Another area affecting Microsoft software would limit how Microsoft bundles other products, such as Web browsers, instant messengers and media players, into Windows.

The litigating states want Microsoft to sell a stripped-down version of Windows, minus middleware products, such as media players and instant messaging. The Court of Appeals also defined Web browsers as middleware.

The appeals court, in its unanimous seven-panel decision in June, found that Microsoft's commingling of Internet Explorer and Windows software code constituted an anti-competitive act. This made it more difficult for Netscape to compete with Internet Explorer, the court concluded.

The states believe the only way to address that is limiting Microsoft's ability to bundle software. "Microsoft must be either required to cease such commingling or to offer its operating system software on an unbundled basis," according to the court filing.

But legal experts believe this provision might be a tough sell with the judge. In its June decision, the appeals court only upheld the monopoly maintenance claims--that Microsoft used anti-competitive means to protect Windows. It sent back another part of the case related to product tying to a lower court for a new round of litigation. Under federal tying statutes, it is illegal for a monopolist to force consumers to buy one product to get another.

In many ways, tying is a more appropriate way to deal with bundling, Stanton said.

"The states have to show why this remedy is appropriate for monopoly maintenance.
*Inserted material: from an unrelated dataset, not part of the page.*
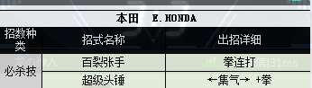 作為相撲選手本,一直收到玩家們的喜愛,當(dāng)年我不會出招的時候就一直使用這個人物,然后狂按鍵;詳情參考下圖

But it extends to if they had won the tying claim, which they didn't, so that's a hard sell," he said.

Jeff Shohet, head of San Diego-based Gray Cary's antitrust practice, agreed.

"The only thing that was affirmed was monopoly maintenance," said. "My guess is Microsoft is never going to accept--and a court would not impose at this stage--anything that suggested they were guilty of tying."

Other provisions
In many other respects, the remedy proposal seeks to fix what the states perceive as potential loopholes in the Justice Department-Microsoft settlement. The remedy also replaces the settlement's three-person oversight committee with a so-called special master, which is a more typical approach in such cases.

Other proposals in the remedy include:

• Uniform and non-discriminatory licensing of Windows to PC makers and other companies.

• Full disclosure of application programming interfaces (APIs) to software developers.

• Banning exclusive dealings and retaliatory actions.

• Offering Sun's version of Java with Windows for 10 years.

The provision on Java addresses one of the most contentious parts of the case. During the trial, government prosecutors argued that Microsoft attempted to subvert Java, which they said Microsoft viewed as a competitive threat to Windows.

Sun, Java's creator, separately sued Microsoft over the issue in 1997. The two companies settled the case in January, giving Microsoft the option to continue shipping its own version of the Java Virtual Machine, which is based on 4-year-old Java technology.

In April, Microsoft decided not to ship its version of the JVM with Windows XP, opting to make it available as a separate download instead. Sun started offering its own Windows XP-compatible JVM early last month.